Singapore Airlines (SIA) reported a 57.4% decline in full-year net profit for the year ending March 31, 2026, to S$1.18 billion (US$927 million), exceeding analyst estimates of S$1.08 billion despite the large drop [1, 2, 3, 4, 5]. The profit fall was mainly due to widening losses at associate Air India, where SIA holds a 25.1% stake, combined with disruptions from the Iran war and airspace closures in the Middle East that drove jet fuel prices sharply higher [1, 2, 3, 4, 5].
Air India recorded a loss of about US$2.8 billion (S$3.56 billion) in 2025/26, its largest since acquisition by Tata Group in 2022, according to multiple sources, though one source cited a loss just over US$2 billion, introducing some uncertainty [3, 6, 5]. The Middle East conflict, including the closure of the Strait of Hormuz, caused jet fuel prices to more than double and severely limited airspace availability, forcing Air India to cut about 27% of its international flights during the peak summer period to destinations across North America, Europe, Australia, and Asia [3, 4, 7, 5].
SIA's own operations remained strong despite the external pressures. Its operating profit rose 39% to S$2.375 billion, supported by a 5% increase in total revenue to a record S$20.52 billion as passenger traffic reached 42.4 million for the year [2, 3, 4, 5]. However, fuel cost increases amounted to S$5.168 billion pre-hedging, and fare increases have been unable to fully offset rising fuel expenses, SIA said [3, 5]. The full impact of elevated fuel prices is expected to appear in the next fiscal year given lagged fuel contract pricing [3, 4, 8, 5].

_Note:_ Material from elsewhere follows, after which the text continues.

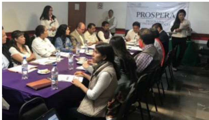
Participación de la Delegación Federal en reuniones del Comité Técnico Estatal del Prospera, Programa de Inclusión Social. Oaxaca de Juárez - Julio 2017

Durante el año 2017 se participó en reuniones mensuales del Comité Técnico Estatal de Oaxaca del “Prospera, Programa de Inclusión Social de la SEDESOL, en el cual se evalúan acciones de alimentación, salud y educación de personas en situación de pobreza que realizan dependencias federales de la Secretaría de Desarrollo Social, el Instituto Mexicano del Seguro Social (IMSS) y la Secretaría de Salud. Por petición del citado Comité se les dio a conocer el 12 de enero de 2017 el Programa Nacional de Financiamiento al Microempresario y la convocatoria 2.3.- Creación y Fortalecimiento de Empresas Básicas a través del Programa de Incubación en Línea (PIL), con la finalidad de su difusión a grupos de personas de su padrón de beneficiarios del interior de la Entidad.

SIA plans to expand capacity further in 2026/27 by adding six aircraft, targeting Europe among other regions as it reroutes passengers around Middle East hubs affected by ongoing airspace restrictions [8]. The group reaffirmed its commitment to its 25.1% Air India stake, calling the turnaround a "long and difficult battle" with "no shortcuts" and emphasizing the investment's role in its multi-hub strategy [3, 8].
Total dividends announced for 2025/26 were 37 Singapore cents per share, including a 10-cent special dividend, with similar special payouts expected over the next two years [4, 8, 5]. SIA cut its employee bonus to 5.7 months from 7.45 months in the prior year, reflecting the challenging environment [4]. Meanwhile, the Indian rupee hit record lows against the US dollar amid inflationary pressures from higher aviation fuel import costs linked to the Middle East conflict [7].
The outbreak of the US-Israeli war on Iran in late February 2026 and the closure of the Strait of Hormuz marked a turning point, triggering a spike in jet fuel prices and airspace restrictions that affected performance across the sector [3, 4, 7, 5]. SIA's board plans to propose a final dividend payout including the special dividend on August 28, 2026 [4].